Бродский: То, о чем вы говорите, очень интересно. И между прочим, у этой проблемы есть два аспекта. Прежде всего, идея равенства как таковая мне представляется абсолютно бредовой. И я об этом не устаю заявлять. Затем другое: когда зарабатываешь, получаешь зарплату – хоть и сто двадцать рублей, – все равно стыдно. Когда я в России работал на заводе, мне неловко было расписываться в ведомости и получать деньги. Хотя я там работал, что называется, как вол. Я думаю, что в итоге дело совершенно не в равенстве, а в русском сознании. Хотя все это гораздо шире, чем просто русское сознание. Это – религиозные традиции. Между прочим, не только в России, но и в Европе про деньги говорить не принято. Там множество политических партий, платформ, философий и всего, что угодно. Все это можно обсуждать беспрепятственно, но про деньги никто и не заикнется. В то время как здесь, в Штатах, все говорят – ну не все, но, в общем, люди довольно много говорят про деньги. Тут, правда, есть другая форма лицемерия. Американцы в массе своей, по сравнению с европейцами, люди чрезвычайно обеспеченные. И тем не менее богатый американец может начать кобениться из-за того, что сэндвич покажется ему слишком дорогим. Или разыграет по этому поводу в ресторане целый спектакль.

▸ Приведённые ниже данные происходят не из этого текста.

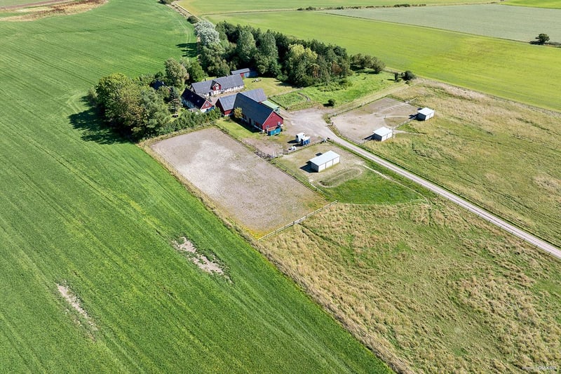 Charming residence with a spacious stable – perfect for entrepreneurship and equestrian life. A Rare Opportunity to Acquire a Complete Equestrian Property! This property offers a unique opportunity to acquire a fully equipped equestrian estate, featuring two residential homes, a modern stable building, a cozy guest cottage, and generous spaces for both humans and animals. With its beautiful farmyard, unique location in scenic surroundings, and thoughtful design, this estate is perfect for those seeking a lifestyle home where both living and equestrian pursuits are central. Not only does this property offer fantastic accommodations and equestrian facilities, but it also presents excellent opportunities for those looking to combine country living with a profitable business venture. With multiple residential buildings and a separate guest cottage, there are great possibilities for a Bed & Breakfast operation. For entrepreneurs, there is also potential to open a shop, farm store, or run a business in equine tourism, events, or workshops – the possibilities are only limited by your imagination. The beautiful garden, nature-based surroundings, and the authentic feel of the property create an experience that attracts both Swedish and international visitors. The estate is located in a popular area that, during the summer months, is a favorite destination, offering easy access to nature reserves, riding trails, the coast, and charming villages with cafés, farm shops, and artist studios. Its strategic location allows visitors to easily reach the estate by car and explore the region's rich offerings of nature and culture. This is truly a place where home, equestrian life, and business opportunities come together in an environment many dream of experiencing. Everyday Services: Despite the countryside setting, everyday services such as grocery stores, florists, veterinary clinics, pizzerias, and libraries are nearby. In summer, the harbor comes to life with restaurants and activities. Vejbystrand - Sea: 3.9 km Hjärnarp (Shops & Services): 9.9 km Torekov: 20 km Båstad: 15 km Helsingborg: 41 km Laholm: 38 km Ängelholm Airport: 12 km Copenhagen (Kastrup): 130 km A Place for Horses and Dogs to Live in Harmony – A Farm Where Every Detail is Designed with Care Welcome to an equestrian estate created to provide both humans and animals with the best of countryside tranquility and equestrian quality of life. Here, you are greeted by a warm and thoughtful environment where every detail in the stable and surroundings has been carefully planned for function, comfort, and enjoyment – catering to all horse breeds and disciplines. The generous and spacious stable features six bright stalls, ranging in size from 9.5 sqm to 13.5 sqm, all with impressive ceiling heights extending to the roof ridge. There is ample room for both movement and rest, providing the horses with a safe and calm space to reside in. The grooming areas are well-equipped with tying places, a farrier station, and a separate grooming stall – all designed to make daily care of the horses as simple and safe as possible. The stable is connected to a large barn offering generous storage space for feed, hay, and silage – easily accessible and functional for efficient stable management. Practical gates lead directly to the courtyard and further on to the pastures and paddock, making the daily routine smooth and time-efficient. A separate shed houses a well-equipped tack room with water, storage, and a changing room. For horses that thrive in freedom, there are two free-range paddocks with attached loose housing, where the animals can roam freely and enjoy the rhythm of nature. The riding opportunities are exceptional: a private trail meanders through the own woodland and out into open fields, with plenty of gravel roads in the area for varied rides. For those wishing to take a longer ride, the sea is just about 4 kilometers away – perfect for a relaxing ride with a refreshing sea breeze in the air. For those with dogs or breeding activities, a large and spacious dog run is available, with direct access to the stable via a practical hatch – a smart solution that simplifies daily routines and creates a safe and flexible environment for your four-legged friends. This is a farm for those who want to provide their horses with a home filled with care, peace, and freedom of movement – where both horses, dogs, and dreams have room to grow.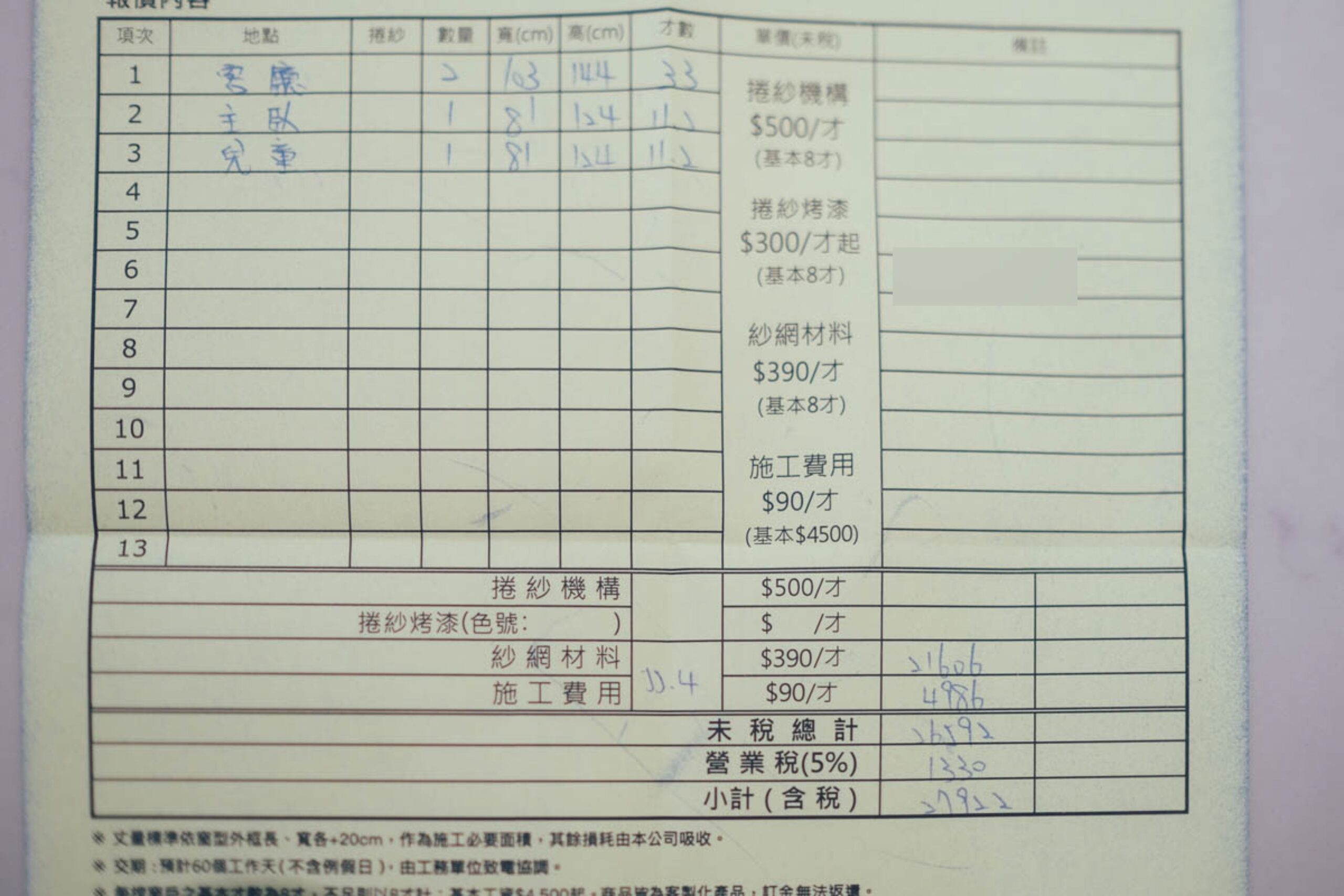不囉嗦,直接秀一波我的報價單,如果是單純要換紗網,費用就是每才 390 再加上施工費每才 90,價格在報價單上公開透明,也不會隨便哐你,我在三年多前房子裝潢時我就曾經問過一家防霾紗窗業者,二次報價都不同,一問之下,回我的答案是:「前一個業務報價報錯」,哇塞,如果價差幾百塊就算了,我那二個不同業務報出來價差五千多,各位觀眾這合理嗎?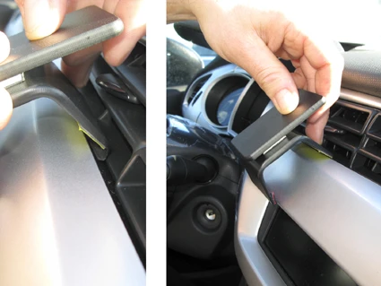 Use the enclosed alcohol pad to clean the area where the ProClip is to be installed. Peel off the adhesive tape covers on the ProClip. Hook the angled edge on the upper part of the ProClip behind the panel surorunding the air vent.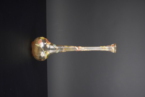 Émile GALLÉ (1846-1904). "Chèvrefeuilles " circa 1900. Grand vase soliflore parlant "Lien d'Amour" en verre ambré à partie base bulbée reposant sur un talon, long col droit s'évasant dans le haut. Il est décoré en relief d'émaux polychromes et partiellement dorés sur fond givré à l'acide. Signature dorée japonisante sur le bulbe. Référence B-102 gravée à la pointe sous la base. Hauteur : 32 cm.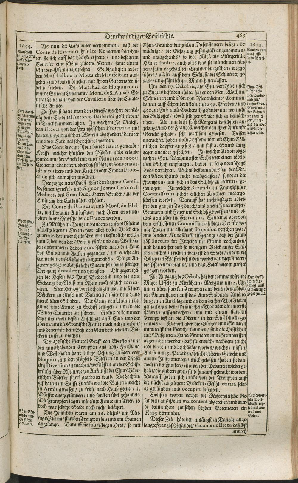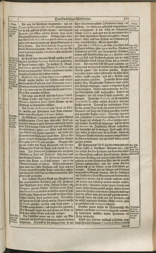 Theatri Europaei Fünffter Theil/ Das ist: Außführliche Beschreibung Aller Denckwürdigen Geschichten/ Die sich in Europa, Als Hoch- und Nieder-Teutschland/ Franckreich/ Hispanien/ Jtalien/ Groß-Britannien/ Dennemarck/ Schweden/ Polen/ Moscaw/ Böhmen/ Hungarn/ Siebenbürgen/ Wallachey/ Moldaw: Jn der Türckey und Barbarey ... vom Jahr 1643. biß ins 1647. Jahr/ allerseits begeben und verlauffen / [Johann Peter Lotichius]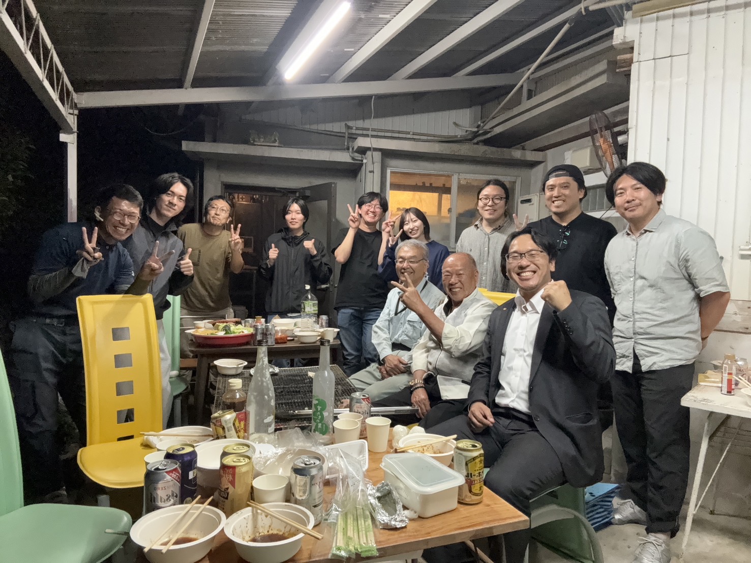 前回床材を剥がしたところに今回は新しく地元の杉の無垢板を貼ることにしました。今回の大学生の活動を知った地元の建築士会の長老?が感銘を受け「ぜひ彼らと話をしてみたい」とお声がかかり、BBQパーティーを開催してくれ、参加し地元の建築士とも交流して夜遅くまで話が弾み楽しい会となりました。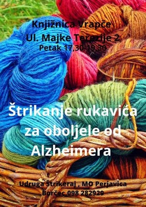 Pridružite nam se na radionici koja će se održati u našoj knjižnici te naučite nešto o štrikanju ili utvrdite postojeće znanje, a sve u dobre svrhe. Naime, na radionici će se izrađivati rukavići za oboljele od Alzheimera.Radionicu održava udruga Štrikeraj. Udruga Štrikeraj je udruga građana, ljubitelja štrikanja i heklanja koja djeluje na području MO Perjavica Borčec, GČ Podsused Vrapče.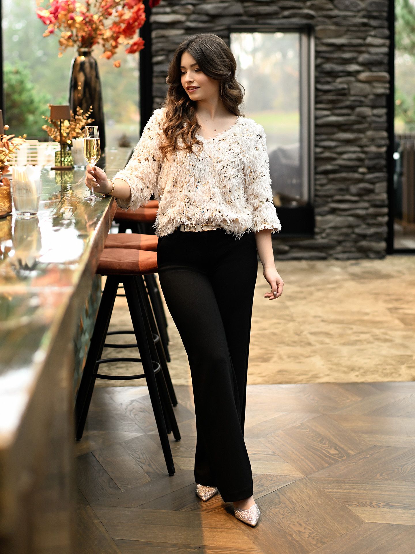 Deze opvallende trui heeft een fluffy structuur met glinsterende pailletten voor een feestelijke uitstraling. De V-hals en driekwartmouwen geven het ontwerp een vrouwelijke touch. Perfect om te dragen bij een jeans of rok voor een stijlvolle look met een vleugje glamour.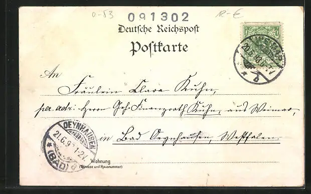 Personenbezogene Daten auf der Rückseite der Karte wurden durch blauen Textmarker unkenntlich gemacht. Die blauen Stellen sind auf die Vorderseite durchgeweicht und wirken sich negativ auf das Postkartenfoto aus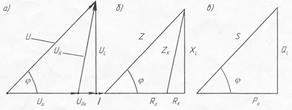 18. По результатам измерений и расчётов, построил Векторную диаграмму и треугольники сопротивлений и мощностей: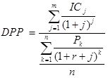 При враховуванні часового аспекту в розрахунок приймаються грошові потоки, дисконтовані по показнику WACC, а відповідна формула для розрахунку дисконтованого строку окупності (DPP) має вид: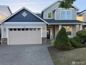 Northwest Contemporary Gem with Solar-Powered Efficiency. Welcome to your turnkey sanctuary! This pristine, freshly painted 4-bed, 2.5-bath home offers the perfect blend of style and sustainability. Imagine the savings with owned solar panels dedicated to powering your lights! Enjoy the main-floor primary suite and a spectacular formal dining room with soaring 20+ ft ceilings and warm hardwood floors, creating a grand, airy atmosphere. The open kitchen boasts a spacious island and flows seamlessly into the firelit living room. Upstairs, a versatile layout offers a private guest/office/flex-space getaway. Located near JBLM and all major amenities, this home delivers space, style, and stress-free living right in the meridian campus area.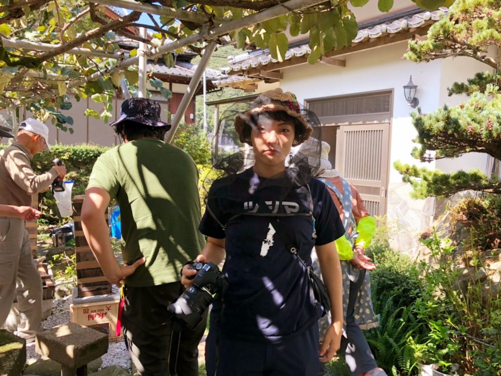 まずは、蜂に顔まわりを刺されないようにブロックするネットを参加者全員にプレゼントします。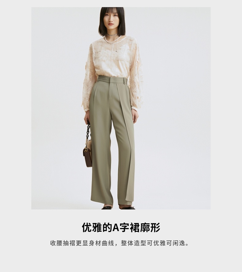 谜底阔腿裤长裤2025冬季新品舒适弹力设计感撞色缝线女254MK1699

Волков: Я с этим тоже сталкивался не раз. В ресторан американцы беспечно идут в основном тогда, когда счет так или иначе оплачивает компания, в которой они служат.
Бродский: Это какая-то постоянная игра в экономию. Тоже, вероятно, религиозного происхождения, пуританского. На самом-то деле то, что русскому человеку представляется вульгарным, эти американские оценки – «о, такой-то стоит миллион долларов, такой-то – десять миллионов», – имеет свой резон. Посмотрите, вся политическая жизнь здесь, все политические разговоры крутятся вокруг одного – сколько денег будет истрачено на ту или иную программу. Скажем, сколько республиканцы кладут на оборону или образование, а демократы – на социальные нужды или борьбу с наркоманией. То есть все время говорят о деньгах. И это абсолютно резонно. Потому что благосостояние той или иной заинтересованной группы населения зависит в значительной степени от государственных капиталовложений. То есть деньги – это одна из самых главных реальностей. Это куда более реальная вещь, чем политические убеждения, платформы и философии. В Европе этого совершенно не просекают. И в России тоже. Там, правда, ситуация вообще напоминает театр абсурда, где ни о деньгах, ни о политике речи нет. Так что я даже не знаю, о чем там идет речь. Я помню, в Ленинграде мы с приятельницей пошли в театр Акимова на какую-то комедию. И сбежали со второго действия. Так приятельница моя высказалась довольно-таки замечательно: «В России театр абсурда и публика поменялись местами». То есть на сцене полный реализм, зато в зале – черт-те что.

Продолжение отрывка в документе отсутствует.